- Exercise -
Copy out exactly the lines from the one with "Ghiveci cu varza, orez" through the last line of the listing below, both included, but none of the pictures.

- Collected data -
====================

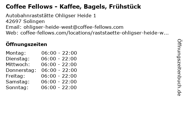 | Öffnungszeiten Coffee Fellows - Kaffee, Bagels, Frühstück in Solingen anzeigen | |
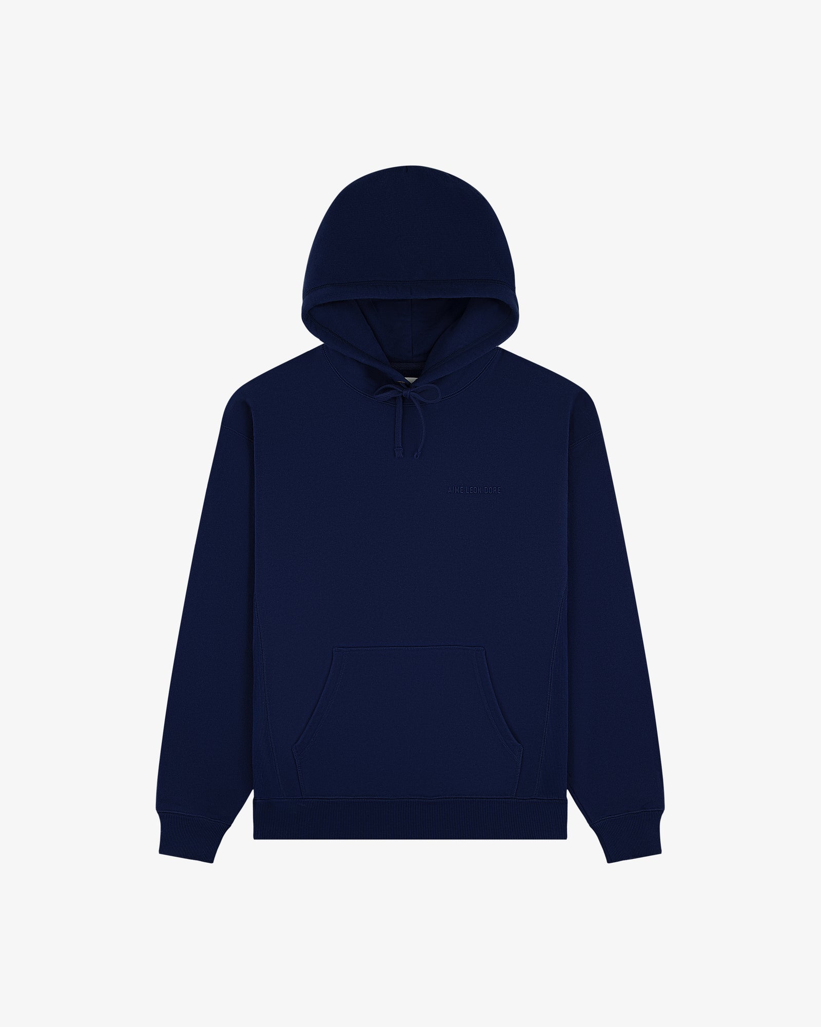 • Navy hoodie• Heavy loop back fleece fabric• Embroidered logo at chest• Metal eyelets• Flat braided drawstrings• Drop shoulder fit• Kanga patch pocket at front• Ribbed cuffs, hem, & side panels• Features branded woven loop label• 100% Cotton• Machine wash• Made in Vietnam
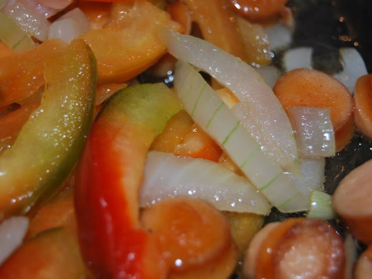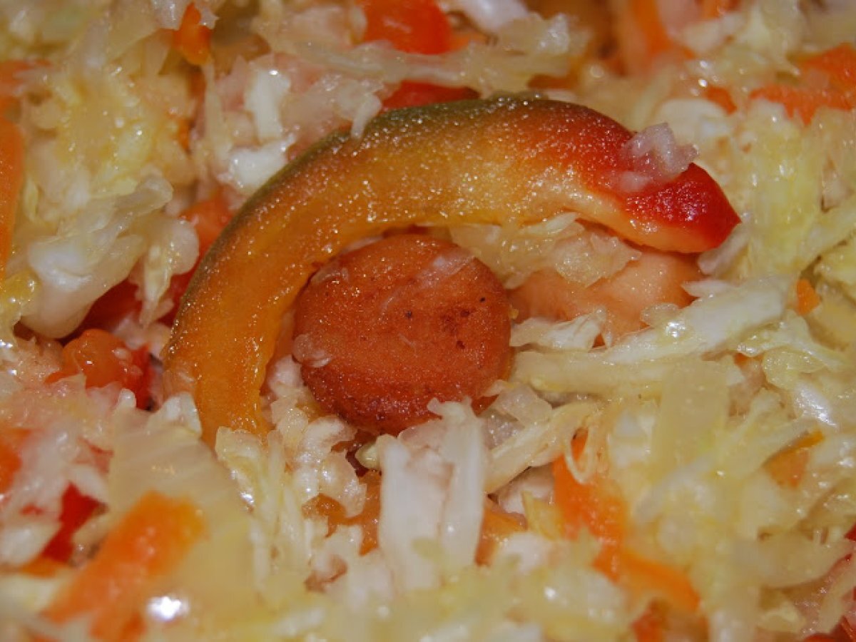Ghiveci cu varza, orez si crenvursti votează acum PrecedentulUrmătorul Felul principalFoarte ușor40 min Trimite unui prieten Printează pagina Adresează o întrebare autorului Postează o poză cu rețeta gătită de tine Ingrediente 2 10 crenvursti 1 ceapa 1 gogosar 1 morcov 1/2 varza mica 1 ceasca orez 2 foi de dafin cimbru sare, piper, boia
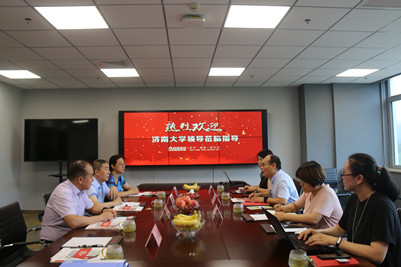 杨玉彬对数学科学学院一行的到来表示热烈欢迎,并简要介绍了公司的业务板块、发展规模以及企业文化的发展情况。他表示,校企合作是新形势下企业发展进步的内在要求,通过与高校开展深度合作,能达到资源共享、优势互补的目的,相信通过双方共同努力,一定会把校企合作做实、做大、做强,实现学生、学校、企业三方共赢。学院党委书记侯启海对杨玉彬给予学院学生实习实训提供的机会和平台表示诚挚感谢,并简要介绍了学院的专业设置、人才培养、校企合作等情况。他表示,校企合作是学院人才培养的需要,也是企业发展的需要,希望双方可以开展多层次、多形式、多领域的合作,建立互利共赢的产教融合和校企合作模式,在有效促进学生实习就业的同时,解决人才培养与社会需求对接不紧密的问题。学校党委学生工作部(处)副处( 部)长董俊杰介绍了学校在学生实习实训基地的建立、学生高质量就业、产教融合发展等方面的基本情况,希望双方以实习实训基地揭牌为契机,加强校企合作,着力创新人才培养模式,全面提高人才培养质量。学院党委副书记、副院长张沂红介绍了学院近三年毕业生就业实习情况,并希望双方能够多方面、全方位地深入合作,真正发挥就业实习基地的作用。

====================

- Task solution -
Ghiveci cu varza, orez si crenvursti votează acum PrecedentulUrmătorul Felul principalFoarte ușor40 min Trimite unui prieten Printează pagina Adresează o întrebare autorului Postează o poză cu rețeta gătită de tine Ingrediente 2 10 crenvursti 1 ceapa 1 gogosar 1 morcov 1/2 varza mica 1 ceasca orez 2 foi de dafin cimbru sare, piper, boia
 杨玉彬对数学科学学院一行的到来表示热烈欢迎,并简要介绍了公司的业务板块、发展规模以及企业文化的发展情况。他表示,校企合作是新形势下企业发展进步的内在要求,通过与高校开展深度合作,能达到资源共享、优势互补的目的,相信通过双方共同努力,一定会把校企合作做实、做大、做强,实现学生、学校、企业三方共赢。学院党委书记侯启海对杨玉彬给予学院学生实习实训提供的机会和平台表示诚挚感谢,并简要介绍了学院的专业设置、人才培养、校企合作等情况。他表示,校企合作是学院人才培养的需要,也是企业发展的需要,希望双方可以开展多层次、多形式、多领域的合作,建立互利共赢的产教融合和校企合作模式,在有效促进学生实习就业的同时,解决人才培养与社会需求对接不紧密的问题。学校党委学生工作部(处)副处( 部)长董俊杰介绍了学校在学生实习实训基地的建立、学生高质量就业、产教融合发展等方面的基本情况,希望双方以实习实训基地揭牌为契机,加强校企合作,着力创新人才培养模式,全面提高人才培养质量。学院党委副书记、副院长张沂红介绍了学院近三年毕业生就业实习情况,并希望双方能够多方面、全方位地深入合作,真正发挥就业实习基地的作用。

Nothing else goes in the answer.